We have reaffirmed our Neutral recommendation on gold miner Kinross Gold Corporation ( KGC). While Kinross is poised to gain from its exploration projects, we prefer to remain on the sidelines considering the current weak gold price and demand environment.
Both revenues and adjusted earnings for first-quarter 2013, reported on May 7, beat Zacks Consensus Estimates. Revenue growth was aided by an increase in gold equivalent ounces sold. Kinross saw higher gold production in the quarter.
Kinross is making steady progress in advancing the projects that give it a strong growth profile among leading gold producers. The divestiture of its 50% interest in Brazil's Crixas gold mine to AngloGold Ashanti Ltd. ( AU) last year has enabled it to turn its attention towards more important assets.
Kinross possesses the Tasiast gold deposit which has 20 million ounces of mineral resource base under its jurisdiction. The company recently announced that it is proceeding to a full feasibility study on the Tasiast expansion project based on the encouraging pre-feasibility results. Moreover, construction of the Dvoinoye mine in Russia, Kinross’s second most important project, is progressing well and ore processing is expected to begin in the second half this year.
Also, Kinross has streamlined its capital expenditure program, focusing on its priorities and not going overboard in its expansionary moves.
However, the gold price environment is not favorable of late. Gold price slumped to a two-year low (below $1,400 per ounce) in April 2013. Import restrictions by India, the world’s largest gold consumer, and slowdown in Chinese economy is weiging on price as well as demand for the yellow metal.

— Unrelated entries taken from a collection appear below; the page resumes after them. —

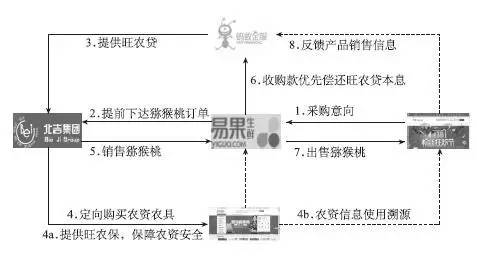 具体的金融服务业务流程是:首先易果生鲜为锁定优质猕猴桃产品,提前提供采购订单;随后蚂蚁金服为生产合作社提供生产经营旺农贷;旺农贷定向支付用于购买农资农具,并且旺农保提供农资保障险用于农资安全保证,而且能通过村淘实现农资使用信息溯源;待猕猴桃上市,合作社供应给易果生鲜;易果生鲜的收购款优先偿还旺农贷本息;最后,由易果生鲜在天猫上进行推介销售。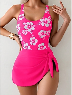 Dámské Plavky Jeden kus 2 ks Monokini Sukně Plavky Zaštíhlující Vysoký pas Štíhlý Volná záda Elegantní prázdniny Květinový Růže Asymetrický krk Bez rukávů Plavky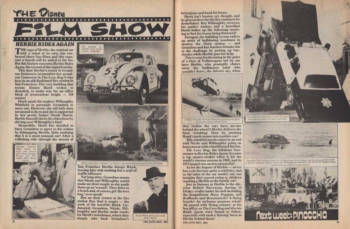 The Disney film show in that issue is Herbie Rides Again, and the serialisation is “Snow White dances merrily with the dwarfs – unaware of the approaching danger.”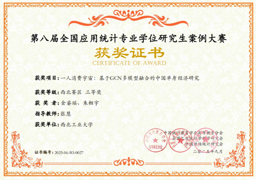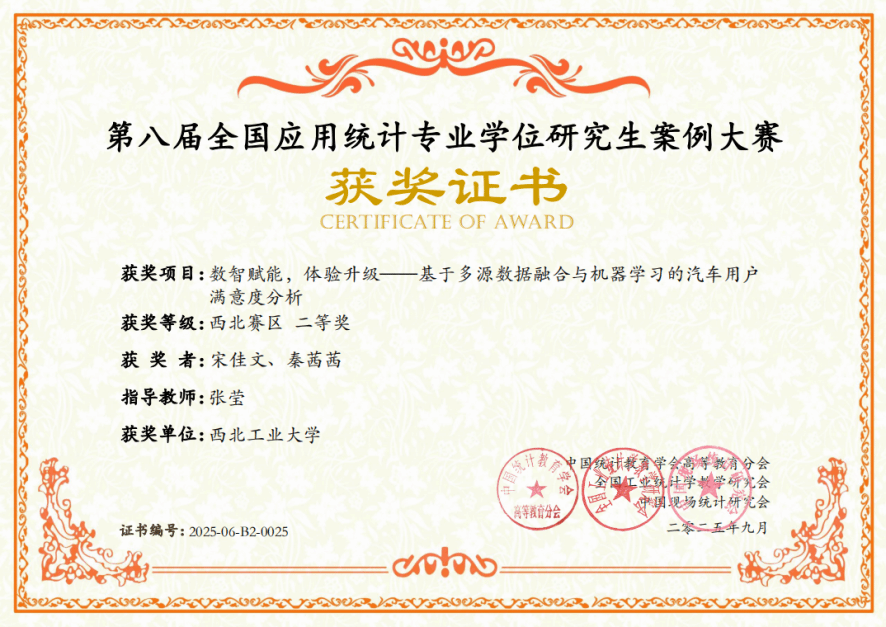 近日,全国应用统计专业学位研究生案例大赛全国组委会公布了2025年第八届全国应用统计专业学位研究生案例大赛区域赛获奖名单。西北赛区共有来自20所高校的153支队伍参加比赛,体彩超级大乐透 2支参赛队伍分获西北赛区二等奖、三等奖各1项,此为体彩超级大乐透 自2023年招收应用统计专硕后首次组队参加该项赛事。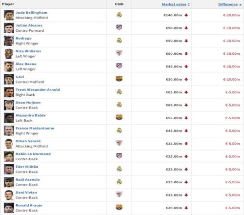 跌1000萬歐5人:阿爾瓦雷斯(馬競,9000萬歐),羅德里戈(皇馬,5000萬歐),尼科-威廉斯(畢爾巴鄂競技,5000萬歐),巴埃納(馬競,4500萬歐),加維(巴薩,3000萬歐)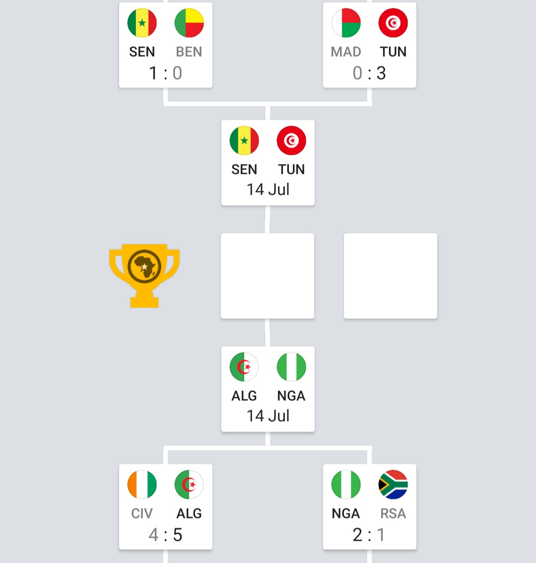 The two semifinal games will be on the 14th when Senagal take on Tunisia and Algeria and Nigeria will battle it out later that day.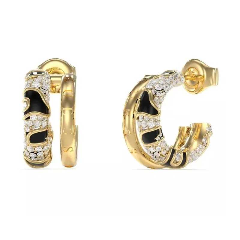 Kruhové náušnice Fabulous Me od značky Guess přinášejí jedinečnou kombinaci elegance a moderního designu. Vyrobené z kvalitní oceli s pozlaceným PVD povlakem, tyto náušnice zaujmou svým dvojitým půlkruhovým tvarem. Větší půlkruh je ozdoben černým smaltem a čirými krystaly, které dodávají šperku šmrnc a jiskru. Průměr náušnic činí 1, 5 cm, což je ideální velikost pro každodenní nošení i speciální příležitosti. Zapínání na puzetku zajišťuje pohodlné nošení po celý den. Ozdobte svůj outfit tímto originálním šperkem a podtrhněte svou přirozenou krásu. Dodávají se v originálním látkovém sáčku s logem značky, což činí z této náušnice skvělý dárek.

While Kinross's production cost (per gold equivalent ounce) fell year over year in the first quarter, we remain cautious on this front given the industry-wide cost pressure. Production cost of sales per gold equivalent ounce for 2013 is expected to be in the range of $740–790, higher than $706 recorded in 2012. Lower grades across most of the company’s mines may contribute to higher costs.